Pleco Phase02 completed

It’s been two years already since I posted about Phase01 being completed. It was a simple track based vehicle using cheap DC motors and the hull was built from Meccano parts:

Pleco Phase01

For Phase02 I decided to go with a ready made car and bought an RC Rock Crawler. It’s about four times the size of the Phase01:

Pleco Phase02 open

Pleco Phase02

The software is roughly the same as it was for Phase01. I’ve fixed a lot of bugs, simplified some things and added a bunch of new features. The slave has a sonar next to webcam and it measures the distance to what ever the camera is pointing at. The slave also measures the current consumption and battery voltage level. All details are shown on the GUI.

The hardware on the other hand has changed a lot.

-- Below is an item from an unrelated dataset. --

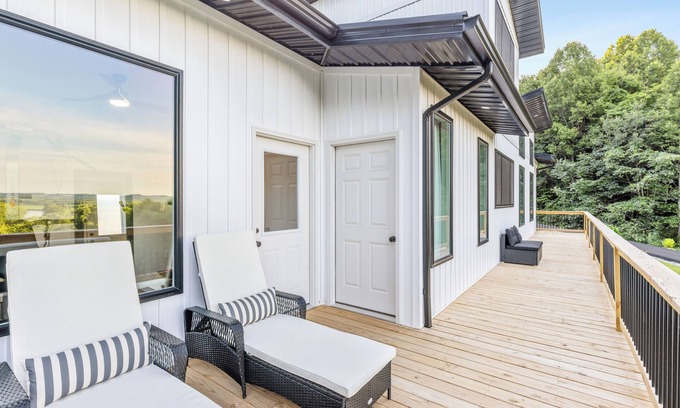 Tucked high on a hilltop in Southern Ohio, this cozy modern retreat wraps you in comfort the moment you arrive. With stunning views in every room, 2 bedrooms, a hot tub, gym, a calming indoor water fountain, and a wraparound porch with cozy seating made for slow mornings & starry nights, it’s the kind of place that instantly puts you at ease. Every detail was thoughtfully designed with love to help you rest, recharge, reconnect and feel right at home. A peaceful, restorative escape awaits!

Instead of handling the servos directly from Linux there’s now a separate self-designed Cortex-M4 based microcontroller board for driving the PWM signals. In the future the microcontroller can update the PWM signals real-time based on other sensors without having to worry about latency issues in Linux.

The Linux is now running on a Tegra3 based Ouya gaming device. Ouya is not as convenient for robotics as Gumstix was but personally I think Tegra has better Linux support than OMAPs. And since there is now a separate control board for motors and sensors, it’s enough for the Ouya to only have a USB connection to the control board.

Ouya needs 12 volts while the motors need 5 volts and I’m expecting to need 3.3 volts as well. So I now have three switching regulators connected to the battery for the needed voltage levels. And a USB hub because of the USB based control board and webcam. There are also lots of cables. So I’m not actually able to get everything nicely inside the car, but almost.

Controlling an RC car with a keyboard is inconvenient, so I’ve added support for gamepads. I’m currently using a Bluetooth based gamepad from Logitech:

Logitech F710 gamepad

When driving in a local WiFi network, there’s no noticeable latency at all. It’s still not possible to really drive based on the camera only, the viewing angle is too narrow, turning the camera is cumbersome and the video quality needs some tweaking.

Now that I’ve made some nice progress with the project, I have clear goals for the Phase03:

  1. Disassemble the webcam to get the size and the weight down and to be able to attach fish eye lenses to it.
  2. 3D print a frame for the electronics and the webcam.
  3. Tweak the video quality and camera controls so that it would finally be possible to drive based on the video stream.
  4. Control the webcam based on driver’s head orientation?

So there are plenty of interesting things to learn :)

Oh, and I’ve moved the code to github.